→ **EXERCISE INSTRUCTIONS**
Drop the pictures, then extract the listing word for word.
==== INFORMATION ====
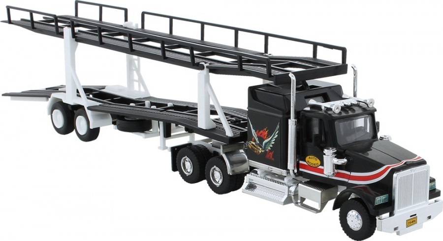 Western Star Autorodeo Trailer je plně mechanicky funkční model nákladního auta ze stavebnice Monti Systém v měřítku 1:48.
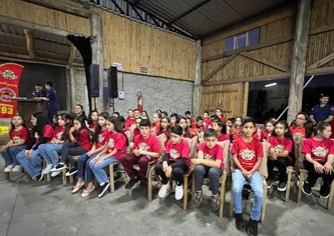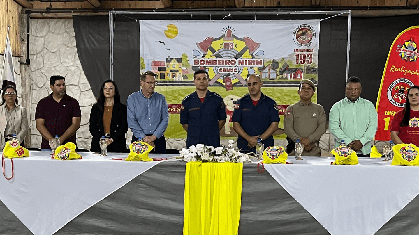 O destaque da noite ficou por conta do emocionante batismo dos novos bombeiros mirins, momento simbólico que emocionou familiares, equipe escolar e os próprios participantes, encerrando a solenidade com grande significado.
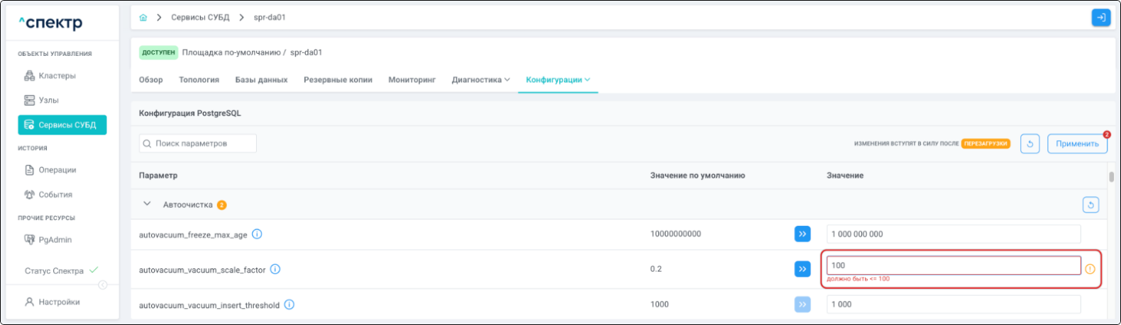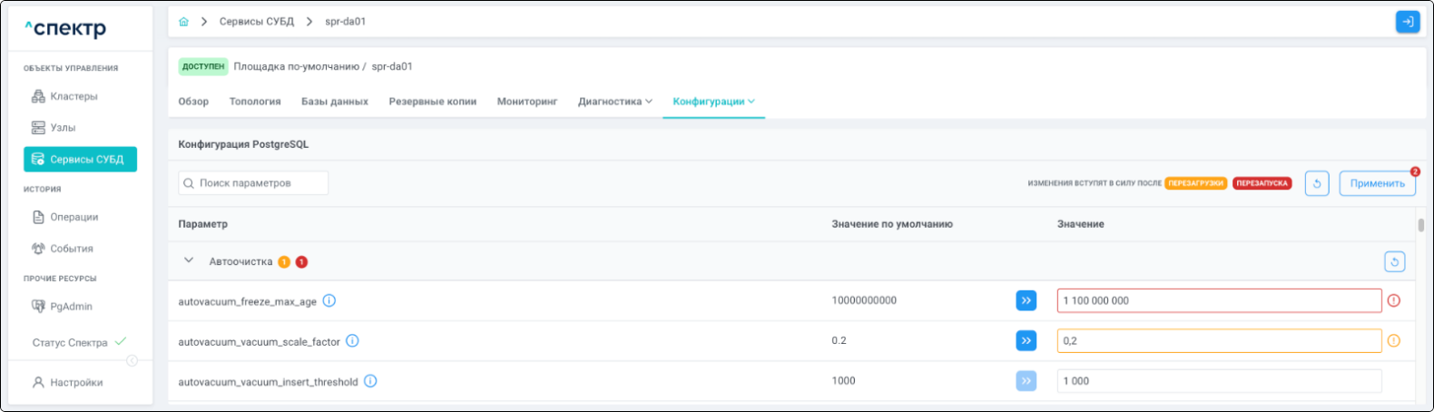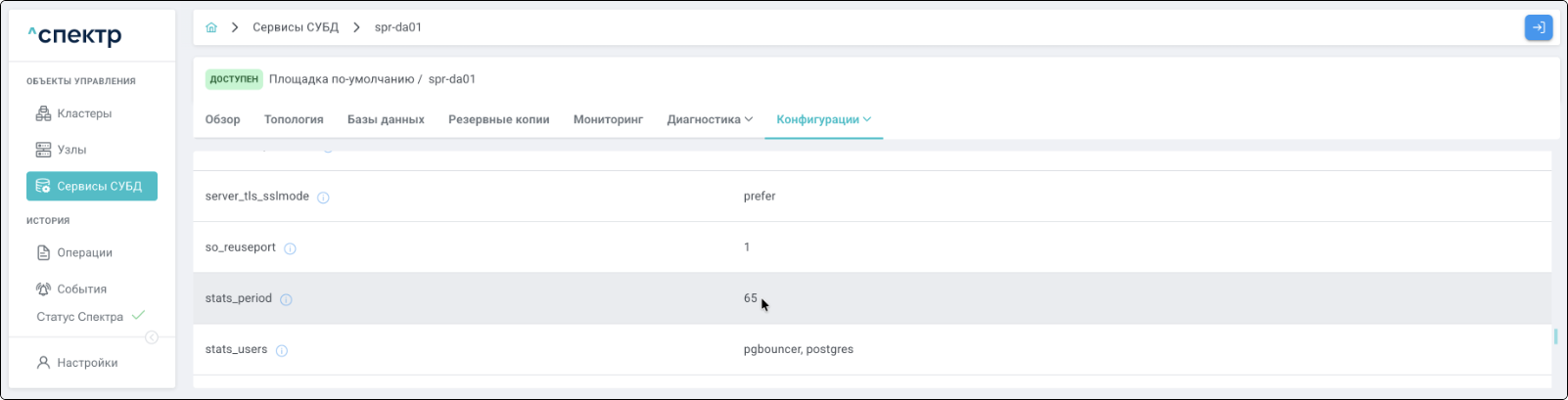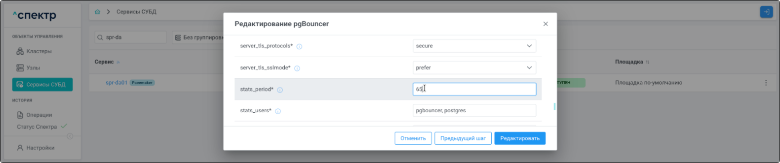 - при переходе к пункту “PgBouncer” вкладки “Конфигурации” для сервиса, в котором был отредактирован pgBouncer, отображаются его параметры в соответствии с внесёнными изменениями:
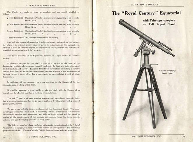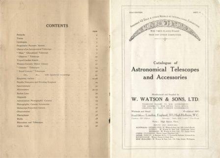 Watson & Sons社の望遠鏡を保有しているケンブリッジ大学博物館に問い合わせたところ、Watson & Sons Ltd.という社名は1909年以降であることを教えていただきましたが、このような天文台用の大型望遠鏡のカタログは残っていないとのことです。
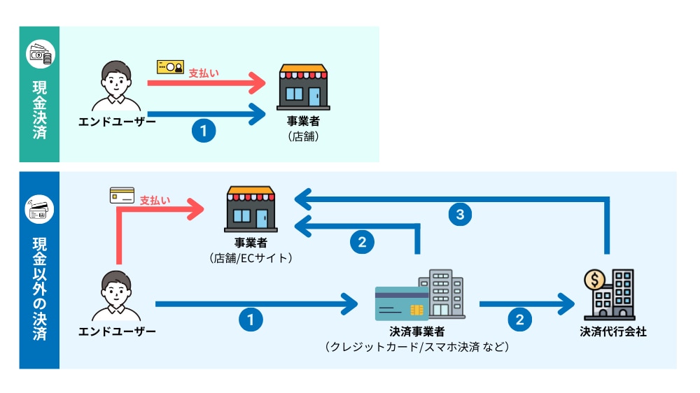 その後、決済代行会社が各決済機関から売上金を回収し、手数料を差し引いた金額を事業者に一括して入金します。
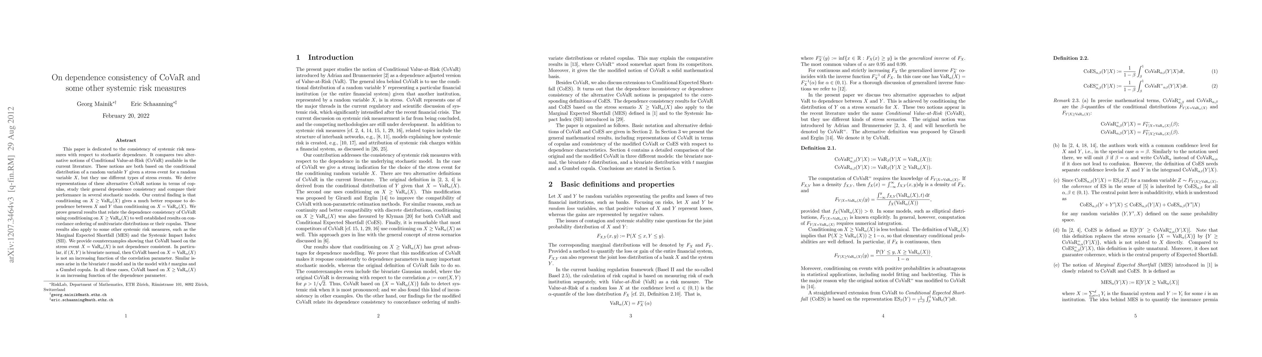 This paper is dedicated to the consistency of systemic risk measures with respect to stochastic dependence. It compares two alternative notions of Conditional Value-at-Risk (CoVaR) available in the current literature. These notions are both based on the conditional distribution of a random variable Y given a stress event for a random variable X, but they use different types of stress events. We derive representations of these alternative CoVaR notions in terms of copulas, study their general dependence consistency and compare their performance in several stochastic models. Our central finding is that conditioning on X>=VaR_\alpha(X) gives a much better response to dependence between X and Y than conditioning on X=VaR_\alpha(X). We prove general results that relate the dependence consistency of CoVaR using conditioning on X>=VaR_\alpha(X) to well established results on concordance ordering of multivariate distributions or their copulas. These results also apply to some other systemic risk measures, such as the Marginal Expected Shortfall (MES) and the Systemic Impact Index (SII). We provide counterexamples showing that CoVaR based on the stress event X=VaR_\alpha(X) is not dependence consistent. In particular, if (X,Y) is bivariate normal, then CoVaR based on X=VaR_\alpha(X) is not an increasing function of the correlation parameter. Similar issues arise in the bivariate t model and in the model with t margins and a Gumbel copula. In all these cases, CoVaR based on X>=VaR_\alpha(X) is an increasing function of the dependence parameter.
====
→ **SOLVED EXERCISE**
 Western Star Autorodeo Trailer je plně mechanicky funkční model nákladního auta ze stavebnice Monti Systém v měřítku 1:48.
 O destaque da noite ficou por conta do emocionante batismo dos novos bombeiros mirins, momento simbólico que emocionou familiares, equipe escolar e os próprios participantes, encerrando a solenidade com grande significado.
 - при переходе к пункту “PgBouncer” вкладки “Конфигурации” для сервиса, в котором был отредактирован pgBouncer, отображаются его параметры в соответствии с внесёнными изменениями:
 Watson & Sons社の望遠鏡を保有しているケンブリッジ大学博物館に問い合わせたところ、Watson & Sons Ltd.という社名は1909年以降であることを教えていただきましたが、このような天文台用の大型望遠鏡のカタログは残っていないとのことです。
 その後、決済代行会社が各決済機関から売上金を回収し、手数料を差し引いた金額を事業者に一括して入金します。
 This paper is dedicated to the consistency of systemic risk measures with respect to stochastic dependence. It compares two alternative notions of Conditional Value-at-Risk (CoVaR) available in the current literature. These notions are both based on the conditional distribution of a random variable Y given a stress event for a random variable X, but they use different types of stress events. We derive representations of these alternative CoVaR notions in terms of copulas, study their general dependence consistency and compare their performance in several stochastic models. Our central finding is that conditioning on X>=VaR_\alpha(X) gives a much better response to dependence between X and Y than conditioning on X=VaR_\alpha(X). We prove general results that relate the dependence consistency of CoVaR using conditioning on X>=VaR_\alpha(X) to well established results on concordance ordering of multivariate distributions or their copulas. These results also apply to some other systemic risk measures, such as the Marginal Expected Shortfall (MES) and the Systemic Impact Index (SII). We provide counterexamples showing that CoVaR based on the stress event X=VaR_\alpha(X) is not dependence consistent. In particular, if (X,Y) is bivariate normal, then CoVaR based on X=VaR_\alpha(X) is not an increasing function of the correlation parameter. Similar issues arise in the bivariate t model and in the model with t margins and a Gumbel copula. In all these cases, CoVaR based on X>=VaR_\alpha(X) is an increasing function of the dependence parameter.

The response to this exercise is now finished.